**DATASET CONTENT**
━━━━━━━━━━
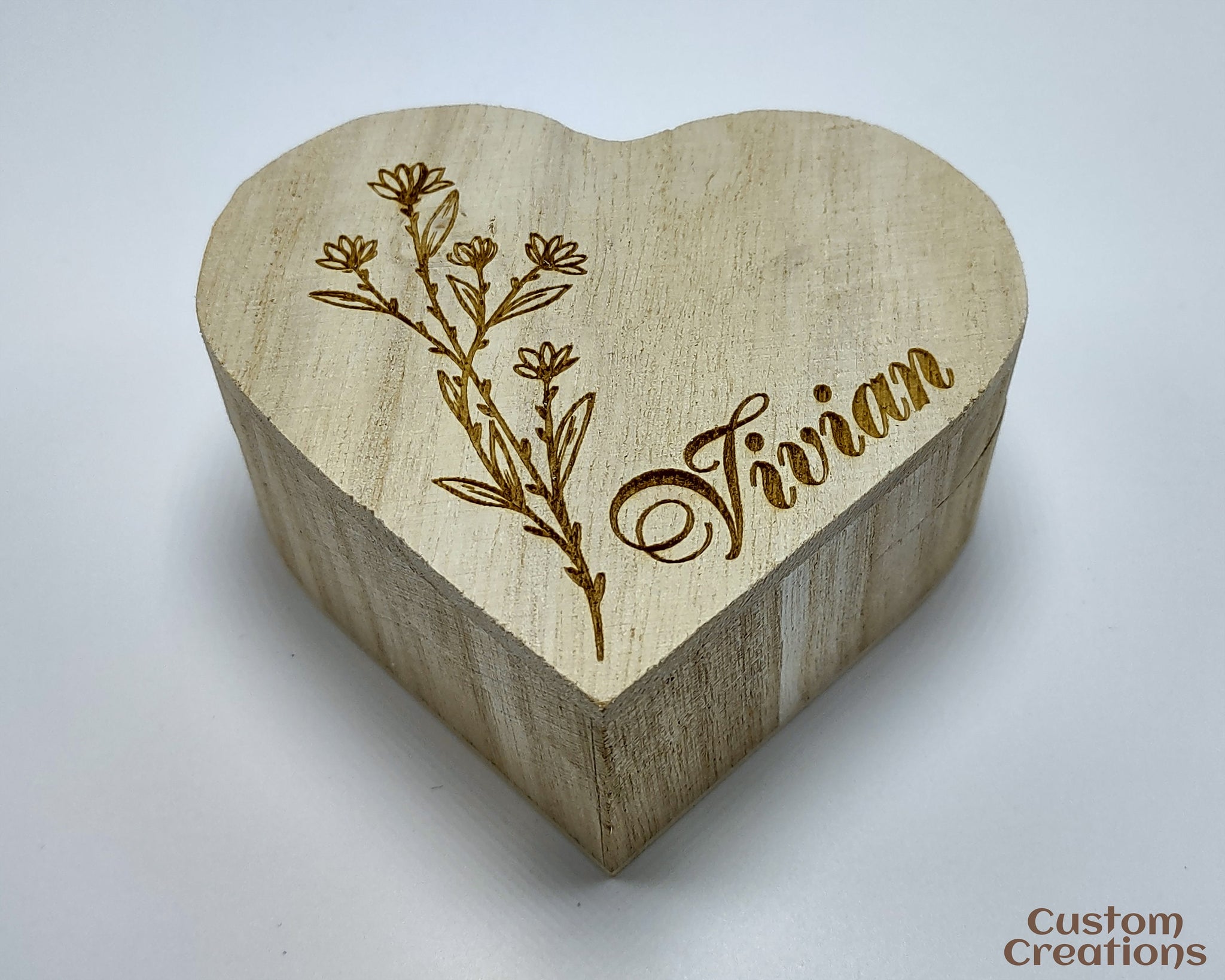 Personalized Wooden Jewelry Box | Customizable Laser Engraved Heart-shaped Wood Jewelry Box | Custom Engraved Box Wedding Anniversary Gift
━━━━━━━━━━
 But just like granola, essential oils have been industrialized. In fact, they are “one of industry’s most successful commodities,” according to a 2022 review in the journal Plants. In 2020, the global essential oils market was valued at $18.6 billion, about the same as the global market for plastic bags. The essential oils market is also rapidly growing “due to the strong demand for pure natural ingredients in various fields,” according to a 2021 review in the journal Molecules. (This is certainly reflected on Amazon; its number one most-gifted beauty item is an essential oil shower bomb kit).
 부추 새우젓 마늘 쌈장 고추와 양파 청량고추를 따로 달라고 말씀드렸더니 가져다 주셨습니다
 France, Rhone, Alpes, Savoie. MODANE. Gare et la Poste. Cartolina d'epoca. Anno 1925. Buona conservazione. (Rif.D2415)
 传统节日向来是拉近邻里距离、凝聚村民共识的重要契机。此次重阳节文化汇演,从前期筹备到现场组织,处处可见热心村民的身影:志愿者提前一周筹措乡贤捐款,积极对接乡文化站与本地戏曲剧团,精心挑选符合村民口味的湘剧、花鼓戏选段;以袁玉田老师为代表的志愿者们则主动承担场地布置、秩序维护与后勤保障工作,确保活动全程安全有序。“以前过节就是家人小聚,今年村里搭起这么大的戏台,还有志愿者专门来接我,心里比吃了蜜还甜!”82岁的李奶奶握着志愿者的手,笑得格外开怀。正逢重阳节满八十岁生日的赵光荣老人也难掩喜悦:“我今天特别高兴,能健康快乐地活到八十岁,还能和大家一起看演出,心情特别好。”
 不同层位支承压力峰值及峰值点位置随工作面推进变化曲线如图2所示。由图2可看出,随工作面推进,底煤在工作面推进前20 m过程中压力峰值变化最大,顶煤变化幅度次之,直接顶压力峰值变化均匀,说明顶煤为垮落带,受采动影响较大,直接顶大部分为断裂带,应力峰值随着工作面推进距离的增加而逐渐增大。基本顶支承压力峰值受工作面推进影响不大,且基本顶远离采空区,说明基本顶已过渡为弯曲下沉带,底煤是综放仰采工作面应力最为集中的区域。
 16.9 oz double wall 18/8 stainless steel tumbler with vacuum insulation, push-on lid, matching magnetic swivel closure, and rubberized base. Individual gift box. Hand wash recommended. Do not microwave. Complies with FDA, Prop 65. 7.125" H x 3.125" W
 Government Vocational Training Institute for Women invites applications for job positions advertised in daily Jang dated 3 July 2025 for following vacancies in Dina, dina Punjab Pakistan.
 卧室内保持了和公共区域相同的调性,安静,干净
━━━━━━━━━━
**EXERCISE DESCRIPTION**
Among the entries above, the lines between the ones containing "16.9 oz double" and "卧室内保持了和公共区域相同的调性,安静,干净", inclusive, are to be transcribed exactly. No other line is to be given.

**REPLY**
 16.9 oz double wall 18/8 stainless steel tumbler with vacuum insulation, push-on lid, matching magnetic swivel closure, and rubberized base. Individual gift box. Hand wash recommended. Do not microwave. Complies with FDA, Prop 65. 7.125" H x 3.125" W
 Government Vocational Training Institute for Women invites applications for job positions advertised in daily Jang dated 3 July 2025 for following vacancies in Dina, dina Punjab Pakistan.
 卧室内保持了和公共区域相同的调性,安静,干净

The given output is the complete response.